WHAT YOU ARE ASKED TO DO: Pictures in the data should be dropped; transcribe exactly the lines from the one that has "One ring featuring: 18KT" through the one that has "A navy blue".

COLLECTED DATA:
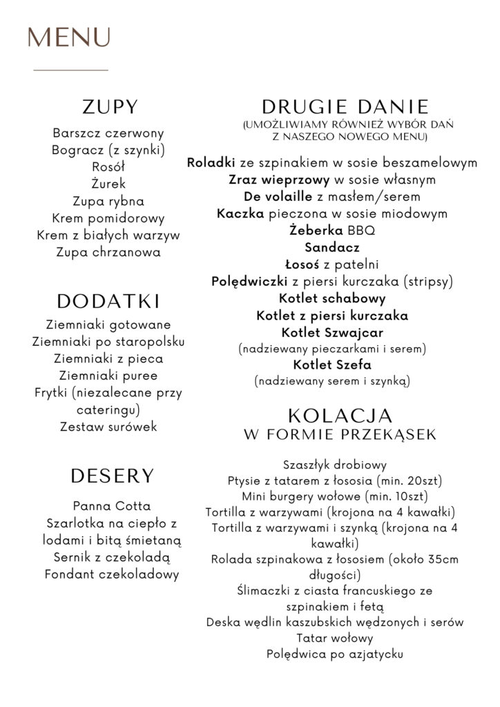Poniżej przedstawimy Państwu menu okolicznościowe wraz z cenami.
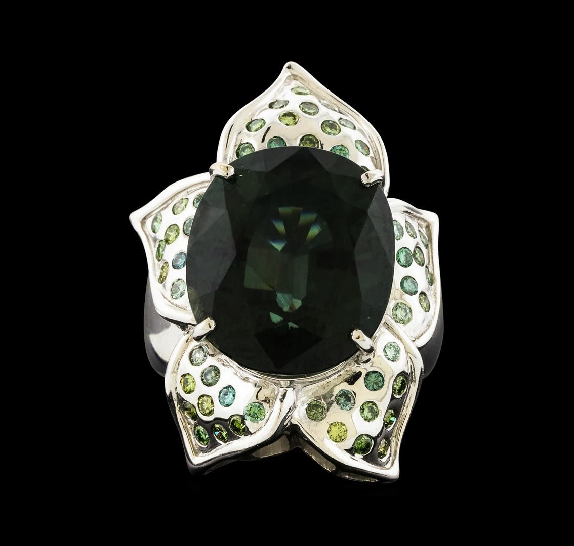 One ring featuring: 18KT White Gold containing Tourmaline with a total weight of 12.97ct and Diamonds with a total weight of 0.78ct. Total Weight of Ring: 15.4 grams.
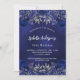 A navy blue background, decorated with blue roses, flowers. The blue colour is uneven. Personalize and add a name and party details.
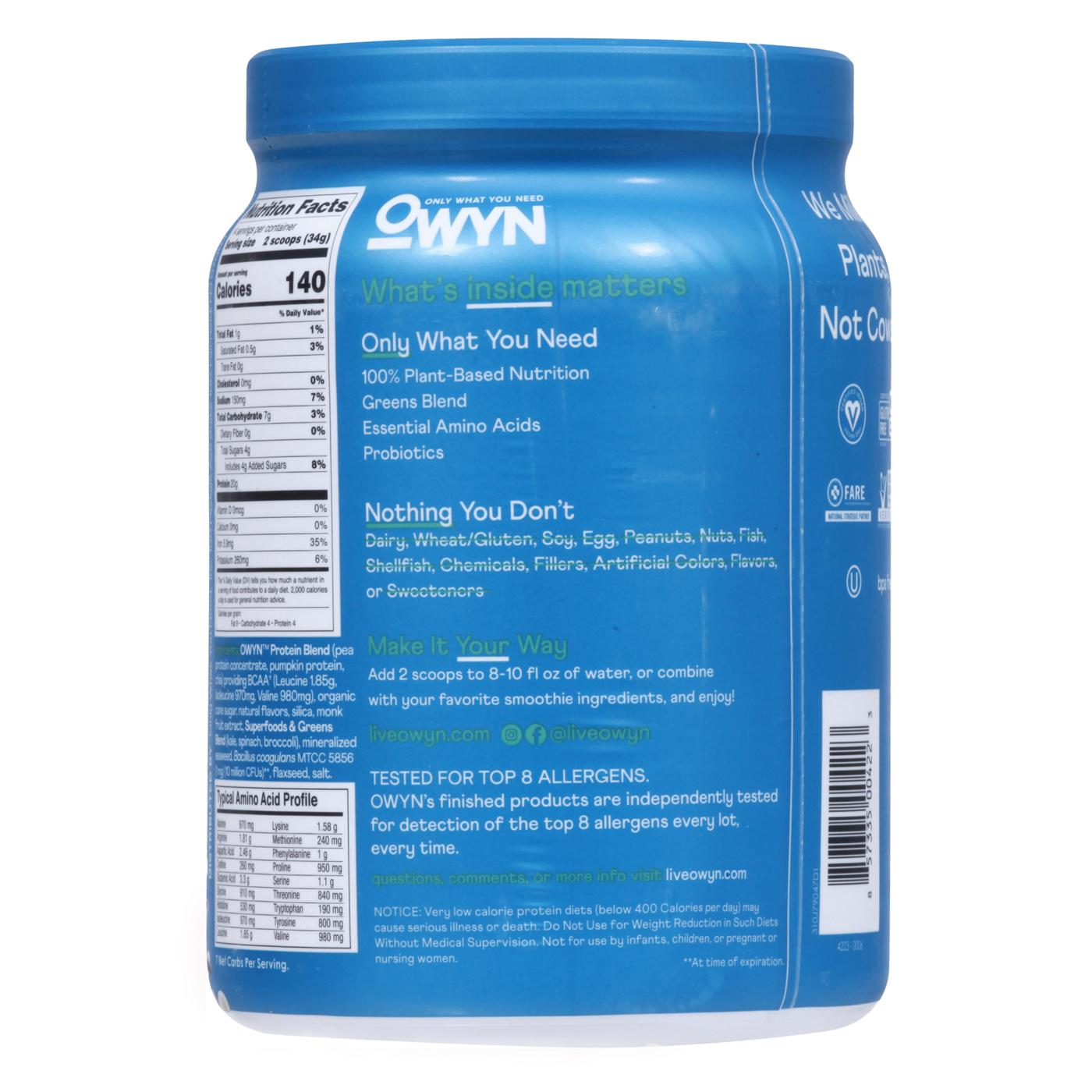 OWYN 100% Vegan Plant-Based allergen-friendly Protein Powder is a premium multi-source protein blend with 20g of protein per serving. Combined with probiotics and a superfoods greens blend for added nutritional benefits.

RESPONSE BELOW:
 One ring featuring: 18KT White Gold containing Tourmaline with a total weight of 12.97ct and Diamonds with a total weight of 0.78ct. Total Weight of Ring: 15.4 grams.
 A navy blue background, decorated with blue roses, flowers. The blue colour is uneven. Personalize and add a name and party details.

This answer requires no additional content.